• **Provided information**

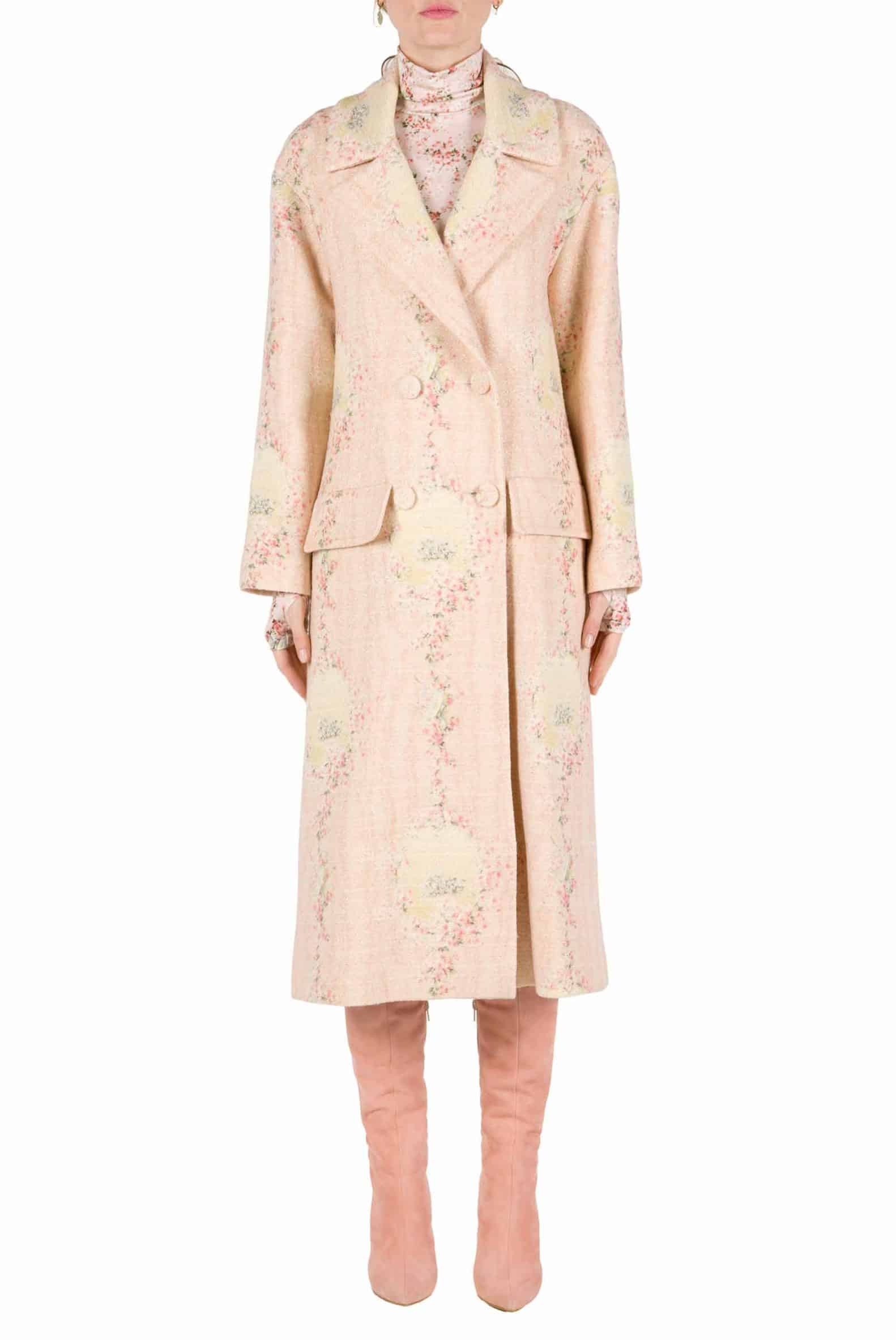 This coat is made with wool printed with flowery print. It’s fully lined and double breasted with a V neckline opening in the front and two pockets on the side. Product Details • Front V neckline opening • Match printed lining. • Double-breast • Two pockets ● Midi Length •…
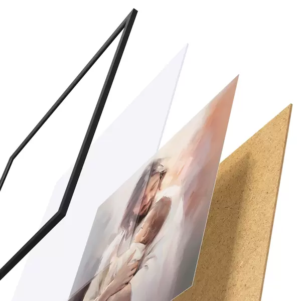 Plakát se skládá z rámu, plexiskla, tištěného obrazu a dřevotřískového podkladu. Díky úchytům na zadní straně lze plakát ihned zavěsit na zeď.
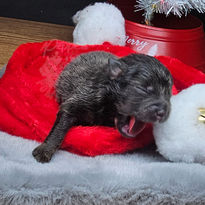 Wire was born 12:25am at 6.7oz. He's black and tan.
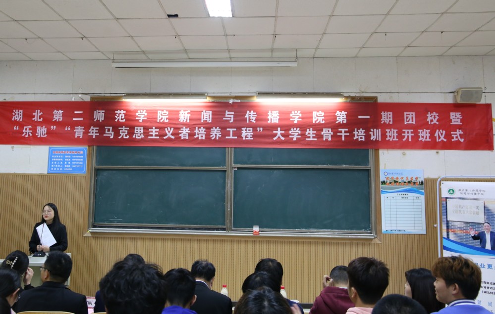 本网讯(通讯员 李瑞鑫)11月18日下午,新闻与传播学院(以下简称“新传学院”)在阶梯教室1举行第一期团校暨“乐驰”“青年马克思主义者培训工程”(以下简称“青马工程”)大学生骨干培训班开班仪式。新华社高级记者、湖北分社原纪委书记、现湖北老新闻工作者协会主席方政军,武汉乐驰传媒有限公司校园部总监陶建,新传学院党总支书记徐晓,学工办主任、分团委书记孟黎明参加仪式。新传院全体辅导员及团学组织全体成员参加,分团委老师覃倩主持仪式。
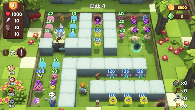 3、比方说选择了森林,就能进入森林迷宫。玩家扮演的勇者要一路收集宝石或道具。
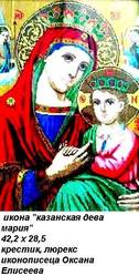 икона казанская дева мария - ручная работа, вышита крестиком. размер - 42, 2 на 28, 5 см. иконописеца - Елисеева Оксана Федоровна..
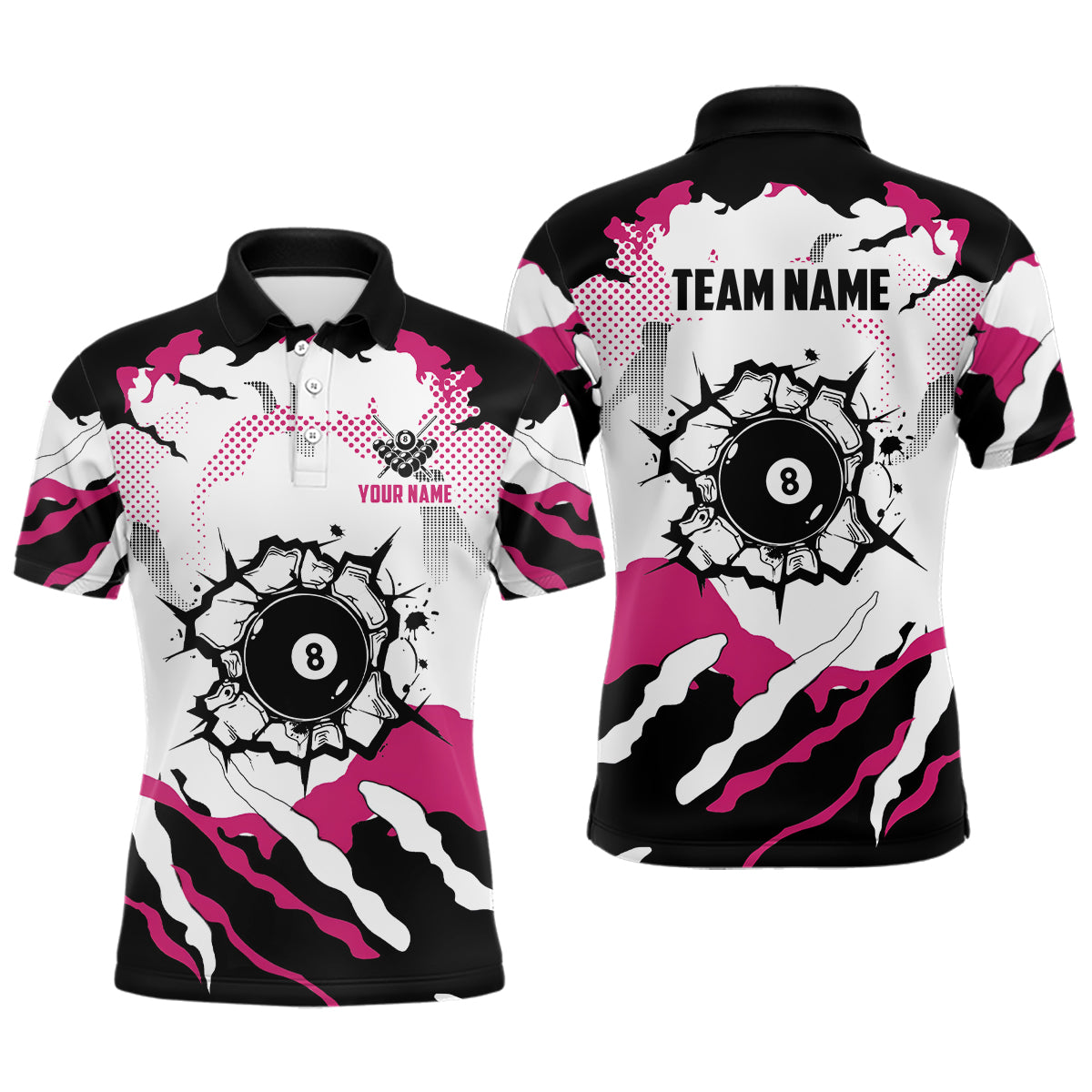 Funny Pink And White Camo 8 Ball Pool Break Custom Men Billiard Shirts, Billiard Jerseys Clothing TDM1834
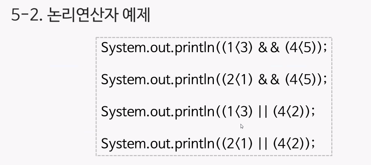 - 논리연산자: 비교를 2개 이상 해야 할 때
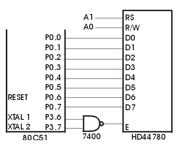 Рис.8. Подключение LCD-дисплея к микроконтроллеру серии MCS-51
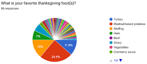 Thanksgiving: a holiday that celebrates family and friends. This year, I was curious about how the Montrose population viewed Thanksgiving food. Was it good? Was it overrated? These are the types of questions I asked myself before beginning this process. Many do not celebrate Thanksgiving – and that’s ok! These foods are universal and can be rated without the holiday association. Here are the results of the form:
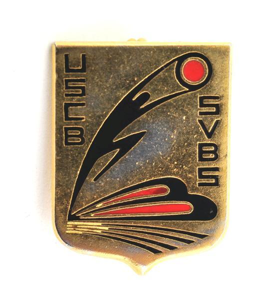 De gestileerde afbeelding in zwart en oranje toont een man die een bal vasthoudt boven het hoofd. Onderaan zien we een trein en sporen. Aan de zijkanten van de afbeelding staat 'USCB' en 'SVBS'. De afkortingen staan voor 'Union sportive des cheminots belges' en 'Sportverbond van Belgische Spoorwegarbeiders'.
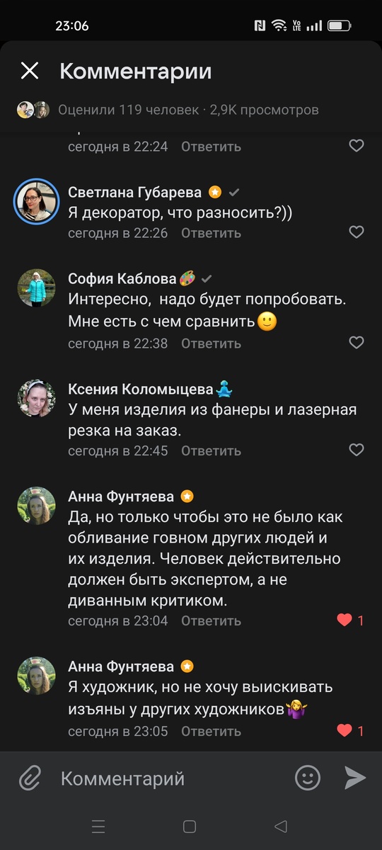 Вчера увидела это и смеялась. Это в группе по продвижению ВК. И у успешных авторов бывают промахи и то, что не заходит у читателей. Автор группы предлагала авторам предлагать в платный раздел так называемые разборы и говорит, что они популярны. А что такое разбор? Предложила написать идею, а что могли бы разбирать читатели - ведущие преимущественно рукодельных блогов. Автор этого сообщества рассказывала на своих бесплатных вебинарах, что в своей платной работе проводит разбор сообществ. Она эксперт и опытный человек именно в этих вопросах, учит людей продвигать и продавать. Не все знают, что она это делает, возможно, она не объяснила поэтому люди отвечали, как подумали. Кто-то написал: "А что надо разносить"? Сама идея таких экспертных высказываний и мнений подойдёт только для сообществ с мастерами-экспертами или блогов с так называемым "культом личности", - специалиста должны знать и уважать. Также я согласна с художницей. Мой принцип - не поступай с другими так,

• **Action item**
Retype all entries above verbatim; no pictures belong in the copy.

• **Problem solution**
 This coat is made with wool printed with flowery print. It’s fully lined and double breasted with a V neckline opening in the front and two pockets on the side. Product Details • Front V neckline opening • Match printed lining. • Double-breast • Two pockets ● Midi Length •…
 Plakát se skládá z rámu, plexiskla, tištěného obrazu a dřevotřískového podkladu. Díky úchytům na zadní straně lze plakát ihned zavěsit na zeď.
 Wire was born 12:25am at 6.7oz. He's black and tan.
 本网讯(通讯员 李瑞鑫)11月18日下午,新闻与传播学院(以下简称“新传学院”)在阶梯教室1举行第一期团校暨“乐驰”“青年马克思主义者培训工程”(以下简称“青马工程”)大学生骨干培训班开班仪式。新华社高级记者、湖北分社原纪委书记、现湖北老新闻工作者协会主席方政军,武汉乐驰传媒有限公司校园部总监陶建,新传学院党总支书记徐晓,学工办主任、分团委书记孟黎明参加仪式。新传院全体辅导员及团学组织全体成员参加,分团委老师覃倩主持仪式。
 3、比方说选择了森林,就能进入森林迷宫。玩家扮演的勇者要一路收集宝石或道具。
 икона казанская дева мария - ручная работа, вышита крестиком. размер - 42, 2 на 28, 5 см. иконописеца - Елисеева Оксана Федоровна..
 Funny Pink And White Camo 8 Ball Pool Break Custom Men Billiard Shirts, Billiard Jerseys Clothing TDM1834
 - 논리연산자: 비교를 2개 이상 해야 할 때
 Рис.8. Подключение LCD-дисплея к микроконтроллеру серии MCS-51
 Thanksgiving: a holiday that celebrates family and friends. This year, I was curious about how the Montrose population viewed Thanksgiving food. Was it good? Was it overrated? These are the types of questions I asked myself before beginning this process. Many do not celebrate Thanksgiving – and that’s ok! These foods are universal and can be rated without the holiday association. Here are the results of the form:
 De gestileerde afbeelding in zwart en oranje toont een man die een bal vasthoudt boven het hoofd. Onderaan zien we een trein en sporen. Aan de zijkanten van de afbeelding staat 'USCB' en 'SVBS'. De afkortingen staan voor 'Union sportive des cheminots belges' en 'Sportverbond van Belgische Spoorwegarbeiders'.
 Вчера увидела это и смеялась. Это в группе по продвижению ВК. И у успешных авторов бывают промахи и то, что не заходит у читателей. Автор группы предлагала авторам предлагать в платный раздел так называемые разборы и говорит, что они популярны. А что такое разбор? Предложила написать идею, а что могли бы разбирать читатели - ведущие преимущественно рукодельных блогов. Автор этого сообщества рассказывала на своих бесплатных вебинарах, что в своей платной работе проводит разбор сообществ. Она эксперт и опытный человек именно в этих вопросах, учит людей продвигать и продавать. Не все знают, что она это делает, возможно, она не объяснила поэтому люди отвечали, как подумали. Кто-то написал: "А что надо разносить"? Сама идея таких экспертных высказываний и мнений подойдёт только для сообществ с мастерами-экспертами или блогов с так называемым "культом личности", - специалиста должны знать и уважать. Также я согласна с художницей. Мой принцип - не поступай с другими так,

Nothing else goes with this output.